Which job roles in the customer’s organization were the admins in our product. The general understanding was that service management admins were someone managing the overall IT security of the company, people such as chief security officers or chief technology officers. Workgroup admins could be either engineering directors or managers or someone from the company’s build room.

We also needed some quantifiable data to ensure the changes in the UI were worth the effort of our engineering team. For example:

How often signing services were configured and modified.
How often new workgroups were created or edited.
How often do different sizes of companies perform code signing.
What types of applications were signed and what was the volume for each of them.
How often did users need access to multiple workgroups and signing services.

In the end, the questionnaire had 50 questions depending on the responses to the initial questions.

Once my questionnaire was ready, the UX research team created an interview script. They got both service management and workgroup admins from different size companies to volunteer for 50 minute sessions each.

Step 3: Study the survey findings.

When the survey results finally came in, they matched our understanding of the user expectations to a high degree. The key things that we learnt were:

Users hated having to log in to each workgroup separately.
Users wanted to manage all users under one account instead of having them as separate entities across the service management account and each workgroup.
Onboarding new workgroups should be possible from the UI and customers shouldn’t have to contact PMs.
Workgroup admins were technically advanced and had the abilities to configure signing services. However, the decision making on configurations rests with separate security departments which set up the corporate security policies. Some customers still want Symantec to provide pre-configured services and set the industry standards.
Customers need a way to control the number of signings in a workgroup.
We were also able to get a distinction between the responsibilities that customers expected at service management level vs. workgroup level.
We were able to identify which roles in the organizations were best suited for administering the account at both super admin and workgroup levels.

Step 4: Work with my designer to create UX stories, task flows, and wireframes for UI improvement ideas.

After having our ideas validated by customers, my designer and I set out on exploring the new platform to which we wanted our product to move. The new platform is now the authentication and certificate issuance engine for all our modern products.

We needed to understand how the system functions so that we understood the end to end flows for the new UX.

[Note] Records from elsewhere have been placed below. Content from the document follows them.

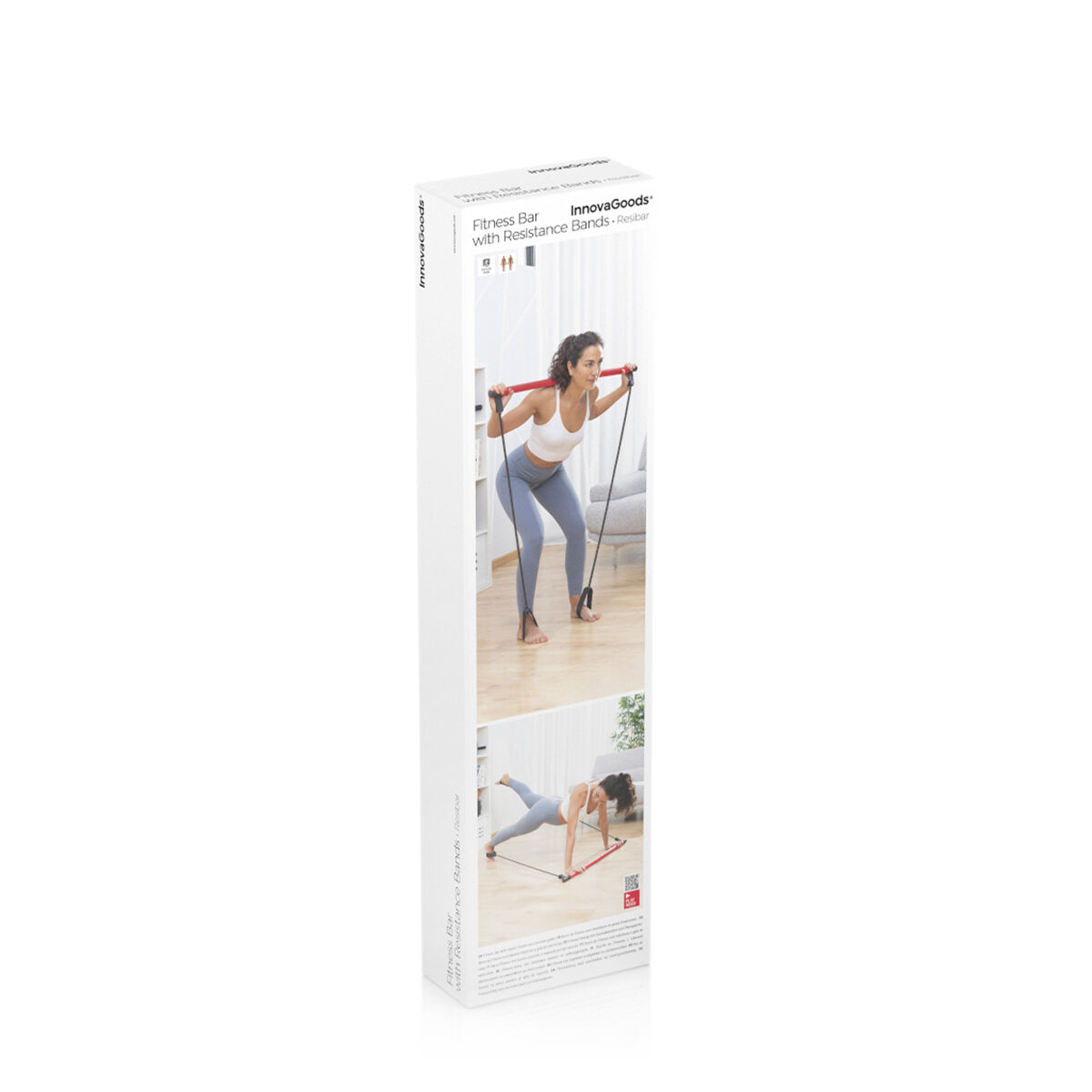 A fitness bar with elastic resistance bands and exercise guide which enables you to do a full workout with a wide variety of exercises and stretches to work the 4 main muscle groups (torso, arms, legs, back). Because of its versatility, it can be used in many positions (standing, lying down…) and for different sports disciplines including fitness, yoga, pilates, etc. Ideal for strengthening and toning the body muscles (abdominals, arms, legs, glutes, chest, waist, shoulders, back, etc.). Its lightweight, detachable and portable design makes it easy to transport and store, taking up little space, which is a huge advantage for getting fit without the need to accumulate bulky gym equipment. This modern, multifunctional training bar with tensors is ergonomic, unisex and suitable for all levels (from beginners to professionals). In addition, it is very robust thanks to the inner metal tube and provides a firm grip with its non-slip coating. Includes 2 elastic bands, 2 gripping handles for hands or feet and a high level of resistance (up to 31.75 kg / 70 lb). Perfect for exercising at home, although it can also be used outdoors.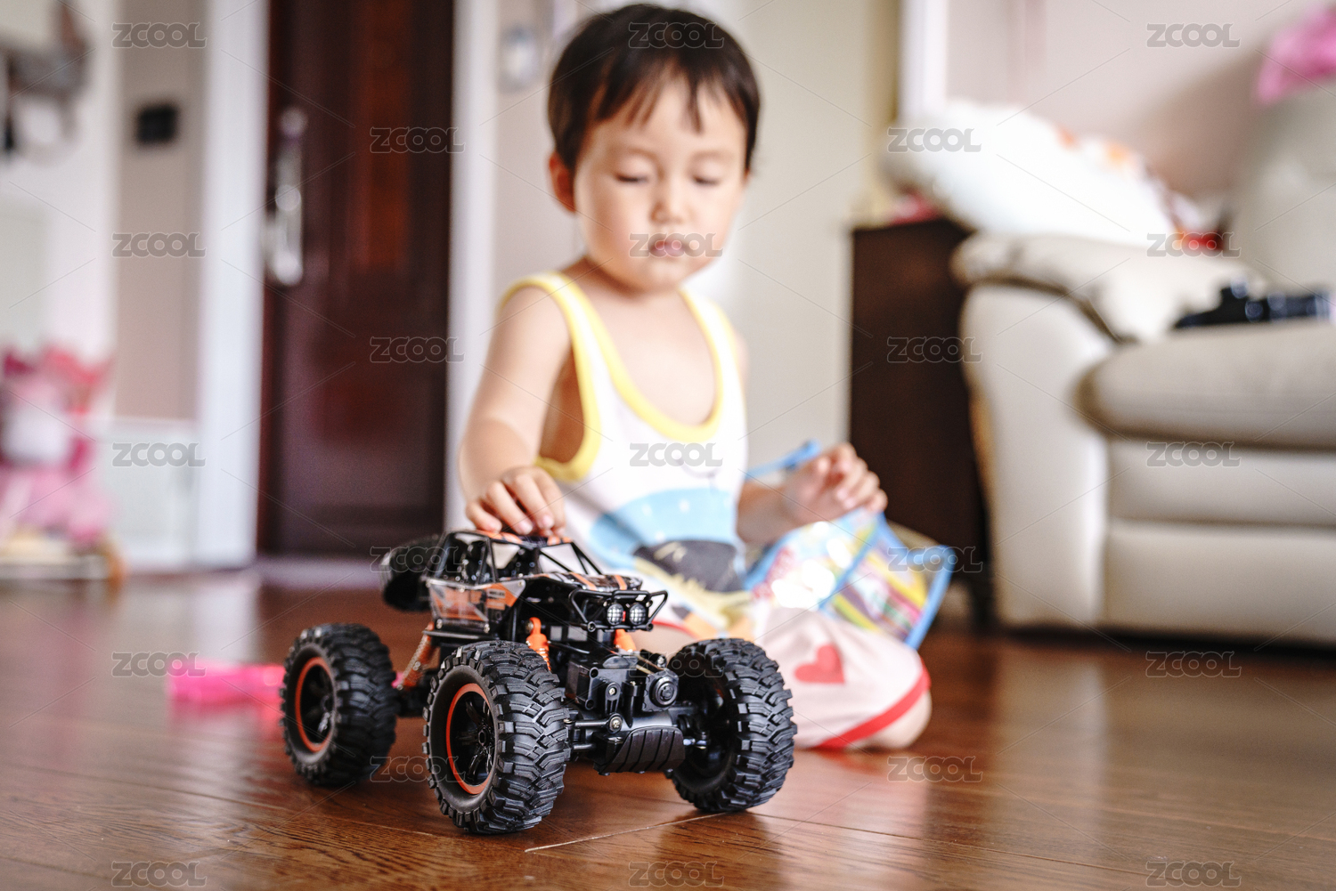 宝宝在家里的木地板上玩着玩具遥控汽车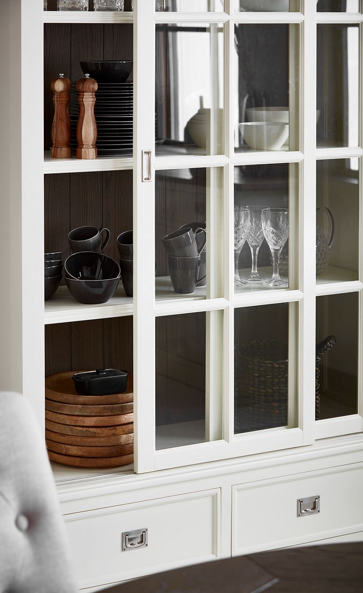 Vitrinskåp Marstrand i vitlack, 2 lådor och 2 skjutdörrar, B 130, D 47, H 210 cm 13.995·

Once we had a good understanding, we created an end-to end workflow of the customer onboarding process. We listed out the activities performed by each player in the process, namely:

Sales rep
Customer contact
Operations team
Authentication team

User onboarding flow

Next, we created flows for each proposed improvement. For example:

First time flow
Account configuration
Adding workgroups
Adding users
Setting up signing services, from scratch and also by using pre-configured templates.
Follow up tasks for modifying items in the account, like editing user roles, editing signing services, etc.

Creating a signing service

After we had the user stories and flows approved, we set out on creating the mocks. The mocks were created by my designer, while I kept providing technical and business context inputs regarding the implementation and real life scenarios.

Following are some wireframe samples.

1/3

1/4

1/5

Result

As of today our proposals have been approved by the PM and added to the product backlog.

However, due to the acquisition by DigiCert, Inc., this project has been put on hold until all products move to DigiCert’s own authentication and certificate issuance engines.